▶ LISTED RECORDS
################

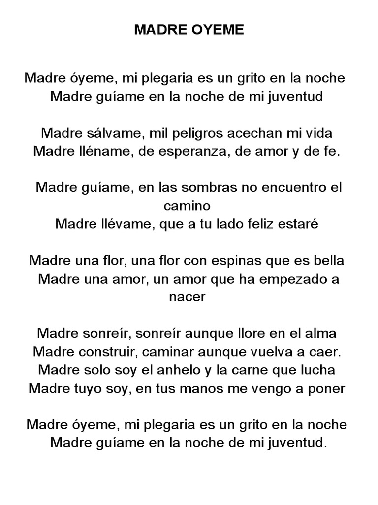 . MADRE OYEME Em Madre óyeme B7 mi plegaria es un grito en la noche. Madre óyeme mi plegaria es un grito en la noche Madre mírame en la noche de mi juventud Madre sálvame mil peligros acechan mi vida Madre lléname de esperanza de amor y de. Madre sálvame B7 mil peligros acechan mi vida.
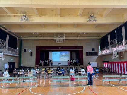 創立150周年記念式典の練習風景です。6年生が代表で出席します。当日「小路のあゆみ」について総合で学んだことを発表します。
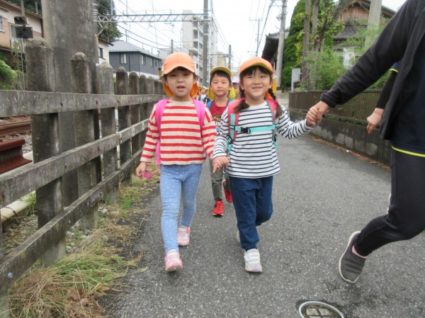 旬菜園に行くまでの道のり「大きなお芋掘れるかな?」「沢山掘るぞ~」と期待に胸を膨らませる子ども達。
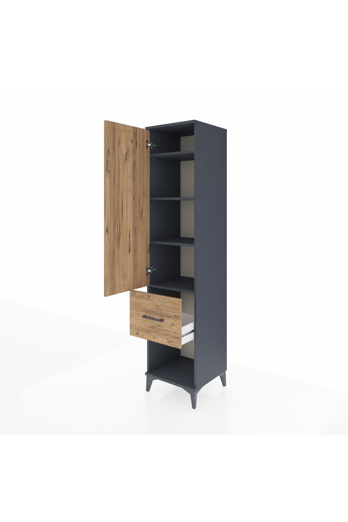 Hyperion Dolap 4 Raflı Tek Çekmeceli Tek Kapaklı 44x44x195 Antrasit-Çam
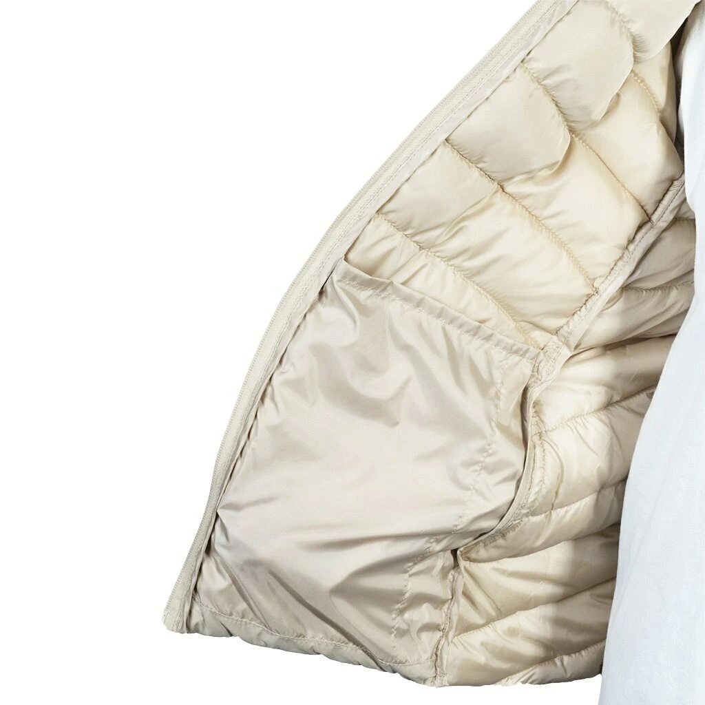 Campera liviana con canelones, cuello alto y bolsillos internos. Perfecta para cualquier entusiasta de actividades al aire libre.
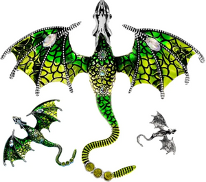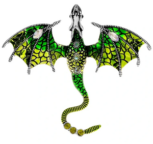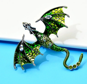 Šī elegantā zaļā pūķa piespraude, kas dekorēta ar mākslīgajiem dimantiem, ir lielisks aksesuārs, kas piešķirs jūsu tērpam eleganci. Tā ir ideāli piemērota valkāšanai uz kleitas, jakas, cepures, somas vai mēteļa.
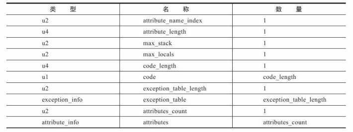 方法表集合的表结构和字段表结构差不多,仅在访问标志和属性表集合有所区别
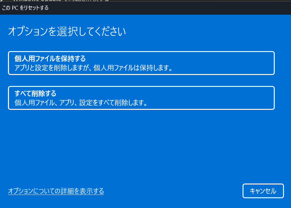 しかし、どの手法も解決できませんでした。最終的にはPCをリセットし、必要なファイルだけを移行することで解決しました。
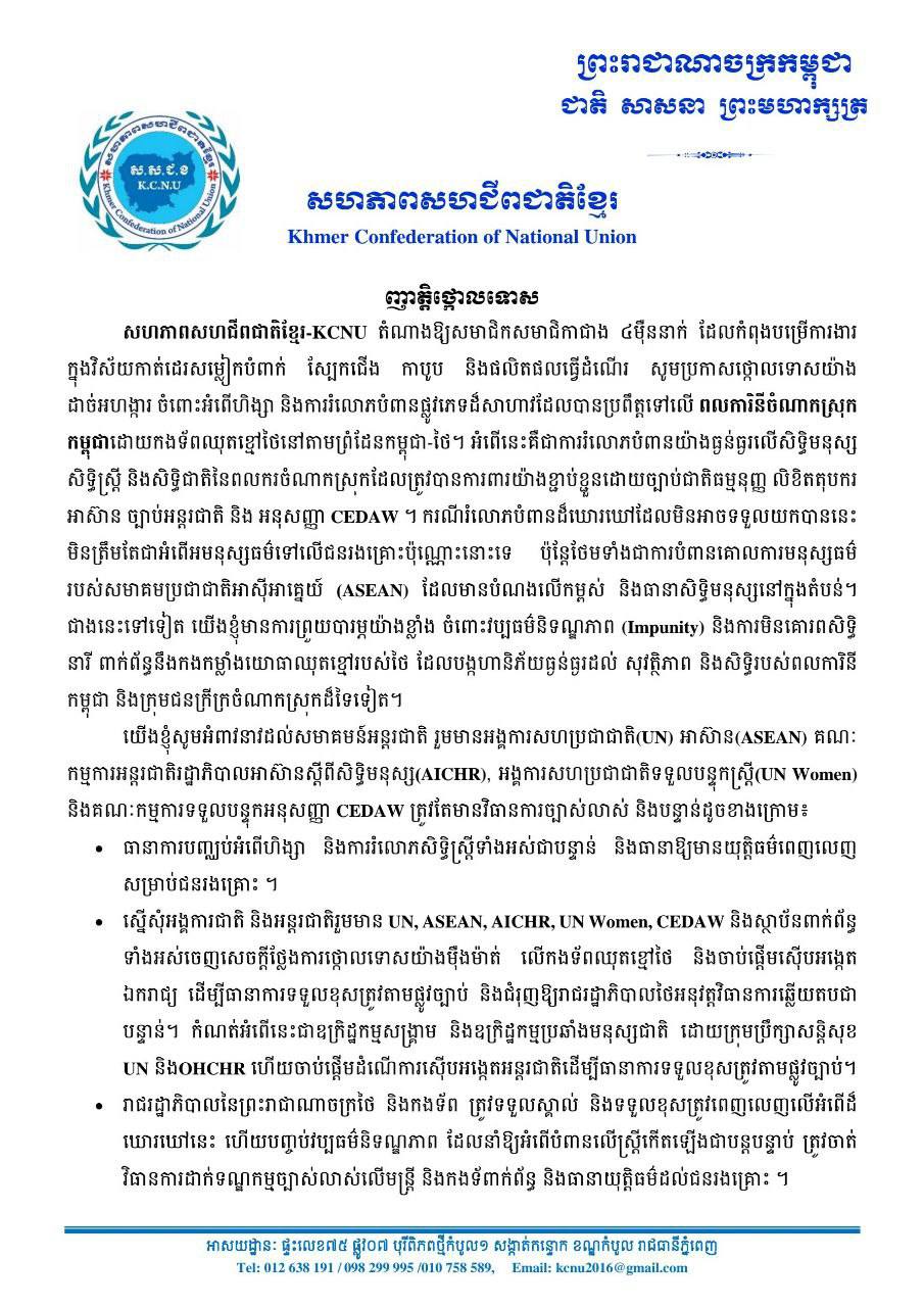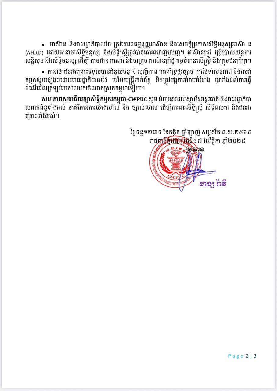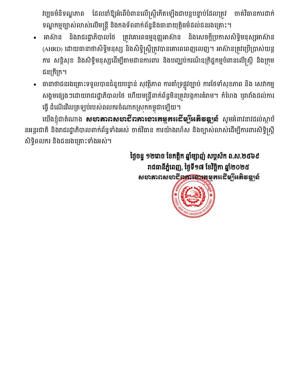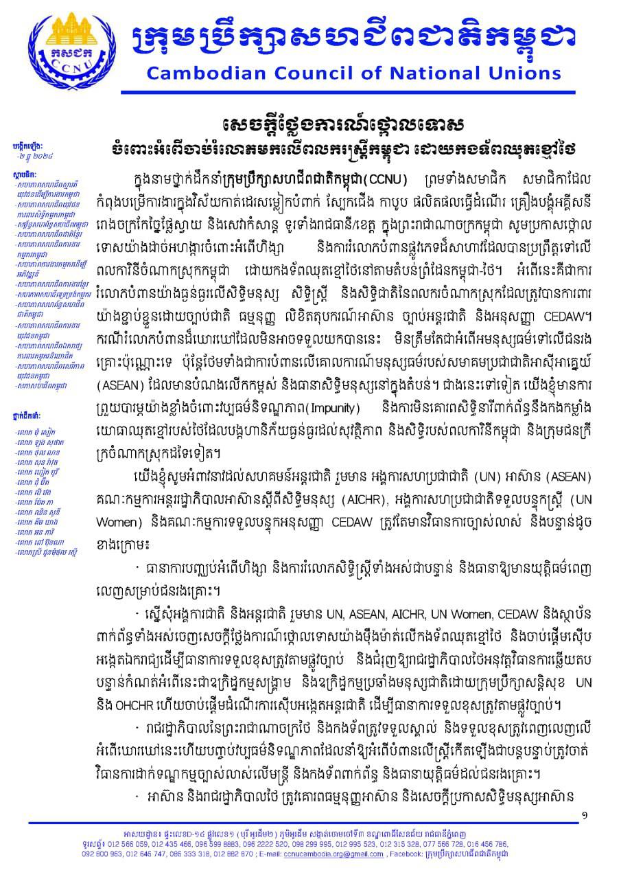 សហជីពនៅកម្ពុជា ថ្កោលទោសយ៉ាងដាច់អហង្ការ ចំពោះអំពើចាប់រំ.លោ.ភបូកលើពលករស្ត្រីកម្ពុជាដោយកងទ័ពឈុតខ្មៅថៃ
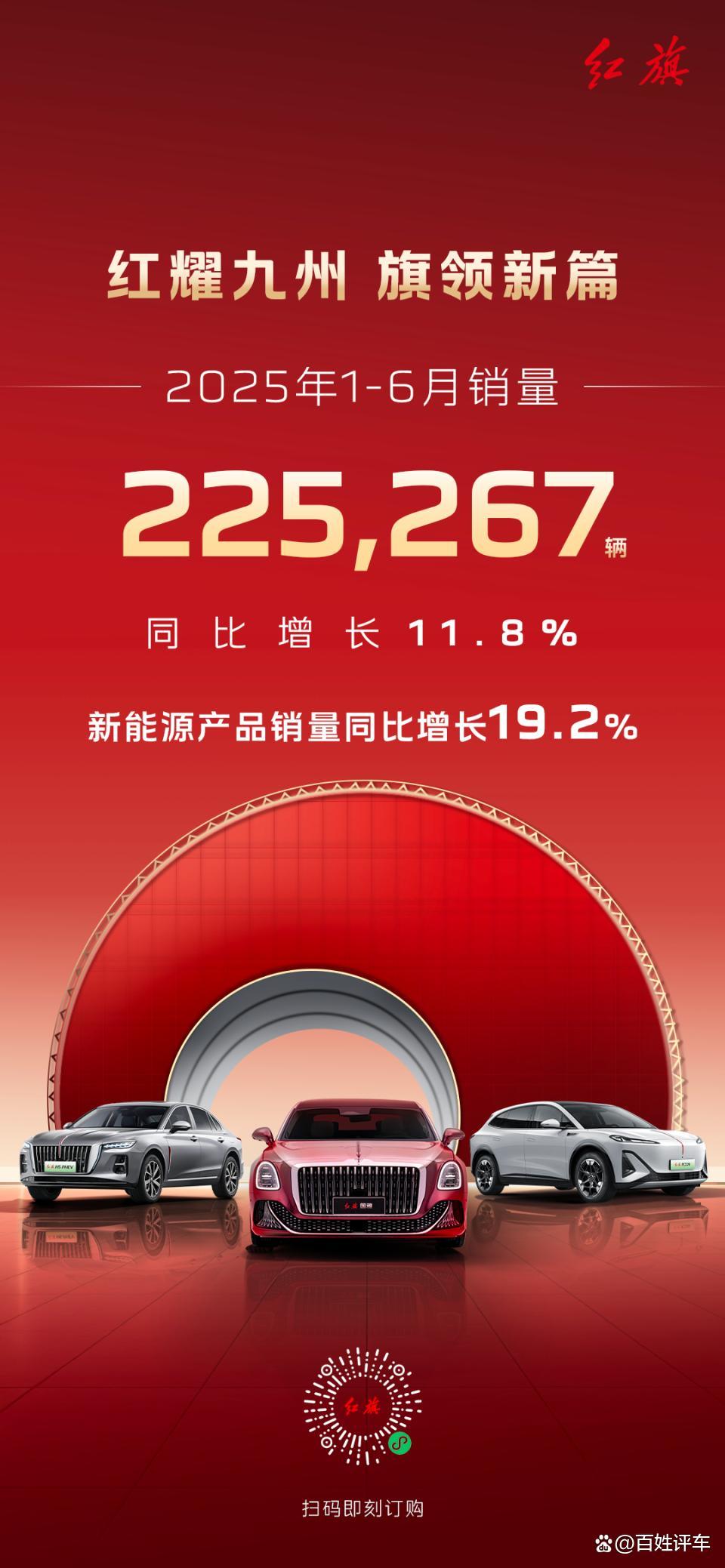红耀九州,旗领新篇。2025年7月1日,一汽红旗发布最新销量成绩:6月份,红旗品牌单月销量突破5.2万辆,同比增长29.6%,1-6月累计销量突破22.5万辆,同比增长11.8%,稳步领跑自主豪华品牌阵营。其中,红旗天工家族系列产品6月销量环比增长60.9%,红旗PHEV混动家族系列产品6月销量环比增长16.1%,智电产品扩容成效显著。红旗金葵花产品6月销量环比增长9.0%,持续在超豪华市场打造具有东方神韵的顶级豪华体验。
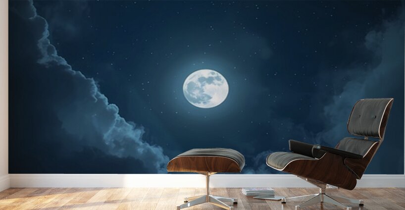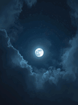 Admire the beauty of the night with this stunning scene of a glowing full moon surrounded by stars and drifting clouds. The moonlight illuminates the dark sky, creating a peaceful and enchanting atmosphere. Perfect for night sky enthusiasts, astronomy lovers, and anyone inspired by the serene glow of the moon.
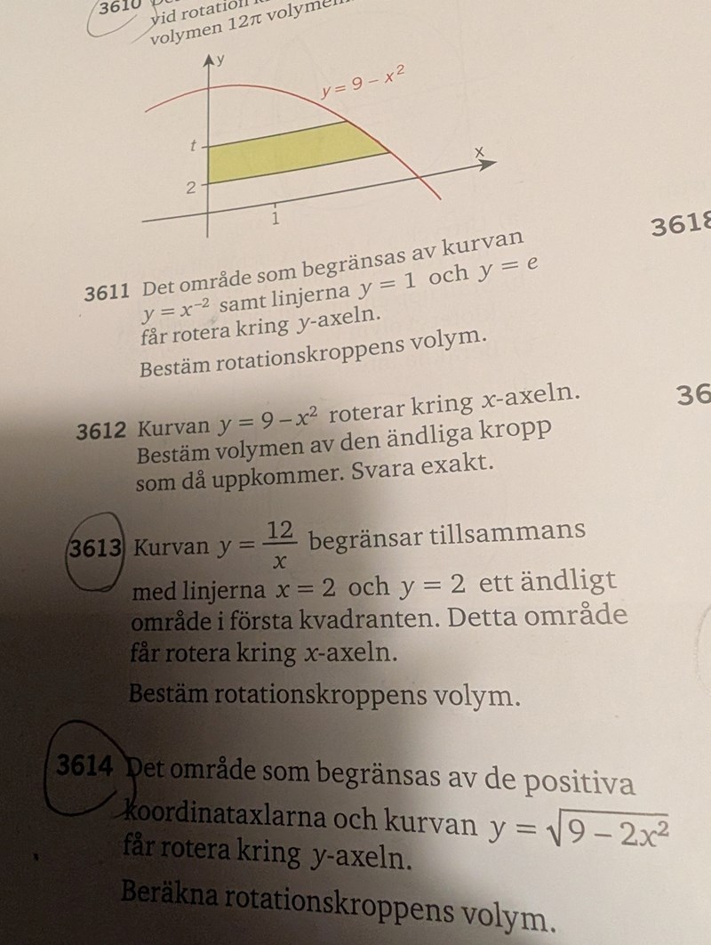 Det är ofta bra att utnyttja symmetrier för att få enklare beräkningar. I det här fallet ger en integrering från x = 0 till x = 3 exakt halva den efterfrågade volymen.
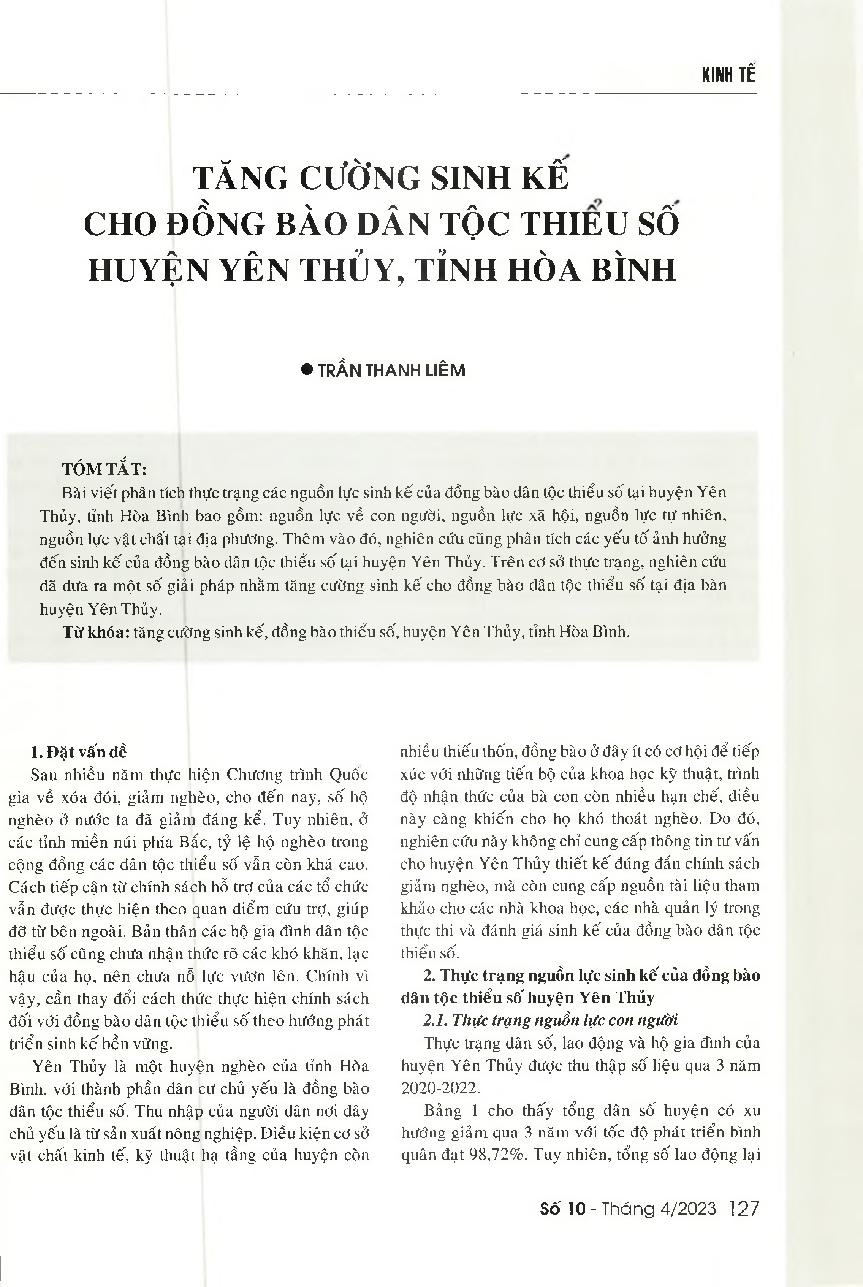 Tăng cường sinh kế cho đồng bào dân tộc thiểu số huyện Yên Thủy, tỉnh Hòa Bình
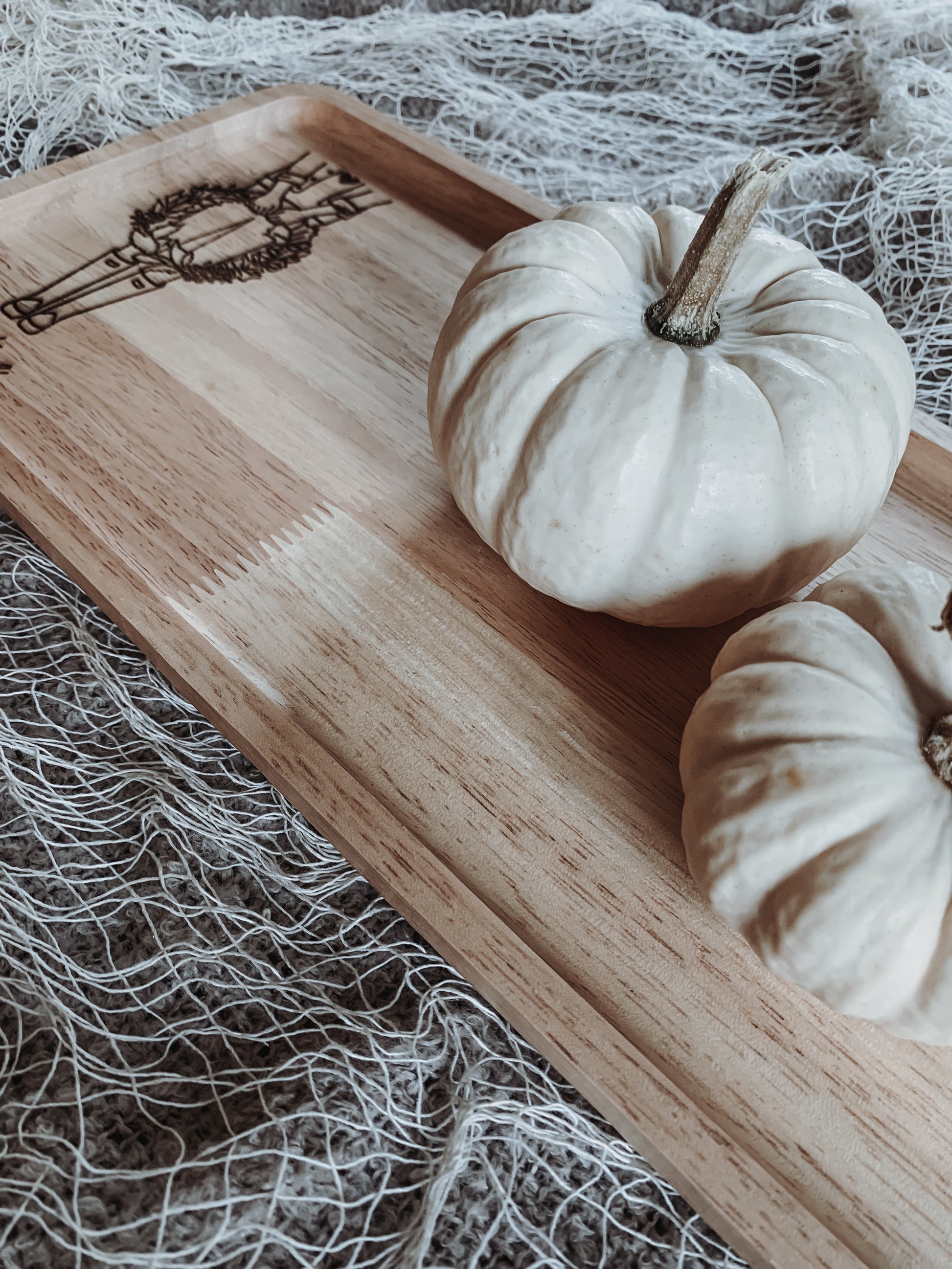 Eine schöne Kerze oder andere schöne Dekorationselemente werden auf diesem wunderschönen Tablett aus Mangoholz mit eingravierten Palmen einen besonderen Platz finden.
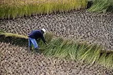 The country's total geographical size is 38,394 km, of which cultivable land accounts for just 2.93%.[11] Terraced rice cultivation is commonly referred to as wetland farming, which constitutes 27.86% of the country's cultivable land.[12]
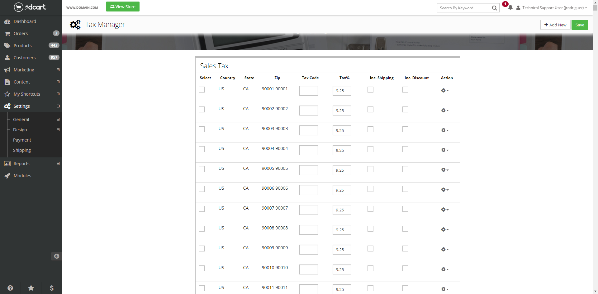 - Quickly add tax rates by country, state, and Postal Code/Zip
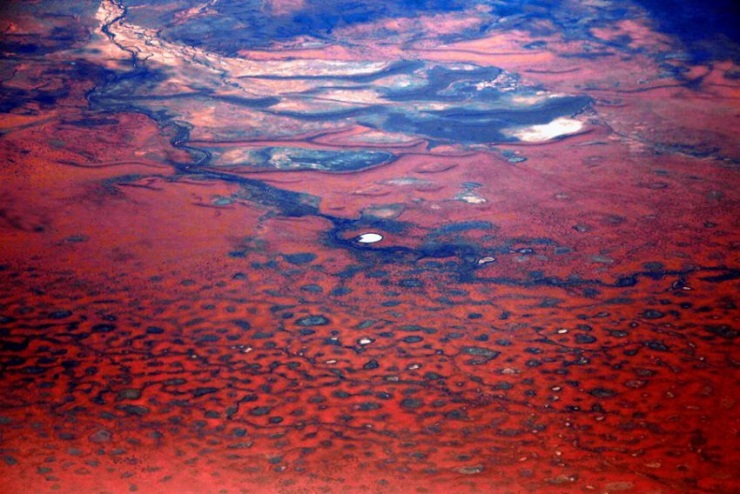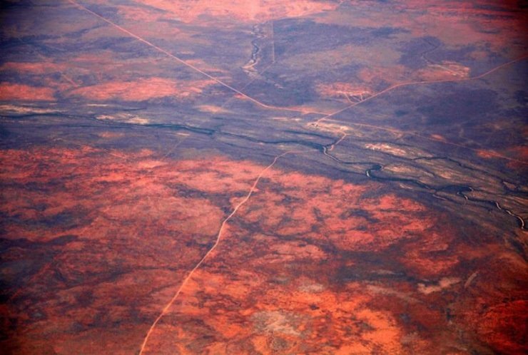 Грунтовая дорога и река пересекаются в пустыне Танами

################

▶ WHAT YOU NEED TO DO
From the records above, copy only the lines running from the line holding "しかし、どの手法も解決できま" through the line holding "Tăng cường sinh", with no pictures.

▶ WRITTEN REPLY
 しかし、どの手法も解決できませんでした。最終的にはPCをリセットし、必要なファイルだけを移行することで解決しました。
 សហជីពនៅកម្ពុជា ថ្កោលទោសយ៉ាងដាច់អហង្ការ ចំពោះអំពើចាប់រំ.លោ.ភបូកលើពលករស្ត្រីកម្ពុជាដោយកងទ័ពឈុតខ្មៅថៃ
红耀九州,旗领新篇。2025年7月1日,一汽红旗发布最新销量成绩:6月份,红旗品牌单月销量突破5.2万辆,同比增长29.6%,1-6月累计销量突破22.5万辆,同比增长11.8%,稳步领跑自主豪华品牌阵营。其中,红旗天工家族系列产品6月销量环比增长60.9%,红旗PHEV混动家族系列产品6月销量环比增长16.1%,智电产品扩容成效显著。红旗金葵花产品6月销量环比增长9.0%,持续在超豪华市场打造具有东方神韵的顶级豪华体验。
 Admire the beauty of the night with this stunning scene of a glowing full moon surrounded by stars and drifting clouds. The moonlight illuminates the dark sky, creating a peaceful and enchanting atmosphere. Perfect for night sky enthusiasts, astronomy lovers, and anyone inspired by the serene glow of the moon.
 Det är ofta bra att utnyttja symmetrier för att få enklare beräkningar. I det här fallet ger en integrering från x = 0 till x = 3 exakt halva den efterfrågade volymen.
 Tăng cường sinh kế cho đồng bào dân tộc thiểu số huyện Yên Thủy, tỉnh Hòa Bình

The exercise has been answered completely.